<<<<

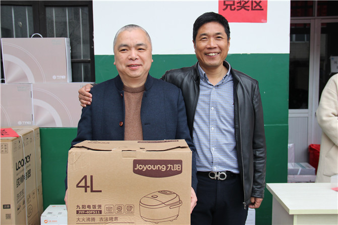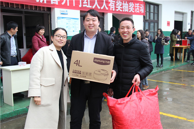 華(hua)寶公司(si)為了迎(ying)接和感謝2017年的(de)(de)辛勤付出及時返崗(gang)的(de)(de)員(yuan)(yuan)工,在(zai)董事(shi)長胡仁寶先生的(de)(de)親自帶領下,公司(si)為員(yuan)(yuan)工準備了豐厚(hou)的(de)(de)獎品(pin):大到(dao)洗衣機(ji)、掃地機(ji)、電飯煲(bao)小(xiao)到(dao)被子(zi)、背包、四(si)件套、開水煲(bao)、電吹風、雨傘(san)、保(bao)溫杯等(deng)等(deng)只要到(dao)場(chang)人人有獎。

>>>>
<<<<

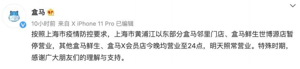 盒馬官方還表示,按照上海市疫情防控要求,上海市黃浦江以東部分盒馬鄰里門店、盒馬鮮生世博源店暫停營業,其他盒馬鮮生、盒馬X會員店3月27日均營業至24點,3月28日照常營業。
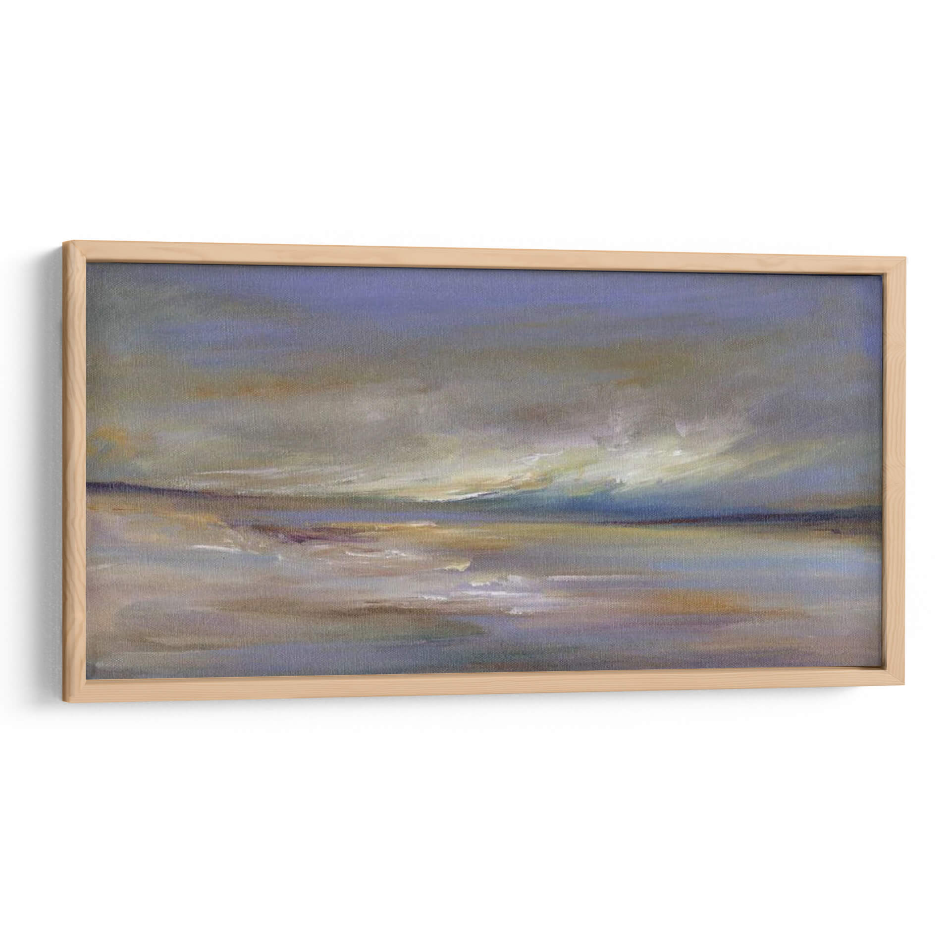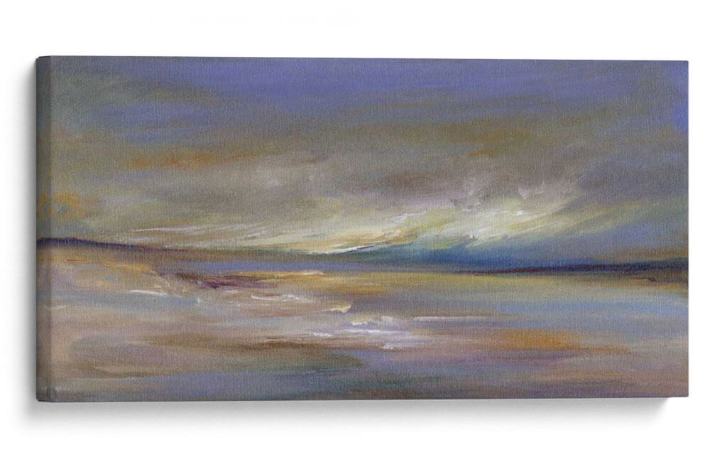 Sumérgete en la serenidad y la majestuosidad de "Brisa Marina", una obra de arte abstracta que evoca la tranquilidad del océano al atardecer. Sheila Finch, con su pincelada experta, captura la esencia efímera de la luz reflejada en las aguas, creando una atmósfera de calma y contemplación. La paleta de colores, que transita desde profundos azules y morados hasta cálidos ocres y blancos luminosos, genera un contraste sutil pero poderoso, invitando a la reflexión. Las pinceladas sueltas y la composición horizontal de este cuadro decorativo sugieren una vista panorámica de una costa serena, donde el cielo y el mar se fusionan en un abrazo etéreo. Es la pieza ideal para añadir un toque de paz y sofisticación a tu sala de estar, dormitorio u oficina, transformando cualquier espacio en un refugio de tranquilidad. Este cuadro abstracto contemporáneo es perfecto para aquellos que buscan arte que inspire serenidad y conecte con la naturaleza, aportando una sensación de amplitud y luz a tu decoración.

>>>>

» **Exercise instructions**
Leave the pictures out. Output, exactly, the lines of the material above starting at the line containing "盒馬官方還表示,按照上海市疫" and ending at the line containing "Sumérgete en la".

» **Result for this task**
 盒馬官方還表示,按照上海市疫情防控要求,上海市黃浦江以東部分盒馬鄰里門店、盒馬鮮生世博源店暫停營業,其他盒馬鮮生、盒馬X會員店3月27日均營業至24點,3月28日照常營業。
 Sumérgete en la serenidad y la majestuosidad de "Brisa Marina", una obra de arte abstracta que evoca la tranquilidad del océano al atardecer. Sheila Finch, con su pincelada experta, captura la esencia efímera de la luz reflejada en las aguas, creando una atmósfera de calma y contemplación. La paleta de colores, que transita desde profundos azules y morados hasta cálidos ocres y blancos luminosos, genera un contraste sutil pero poderoso, invitando a la reflexión. Las pinceladas sueltas y la composición horizontal de este cuadro decorativo sugieren una vista panorámica de una costa serena, donde el cielo y el mar se fusionan en un abrazo etéreo. Es la pieza ideal para añadir un toque de paz y sofisticación a tu sala de estar, dormitorio u oficina, transformando cualquier espacio en un refugio de tranquilidad. Este cuadro abstracto contemporáneo es perfecto para aquellos que buscan arte que inspire serenidad y conecte con la naturaleza, aportando una sensación de amplitud y luz a tu decoración.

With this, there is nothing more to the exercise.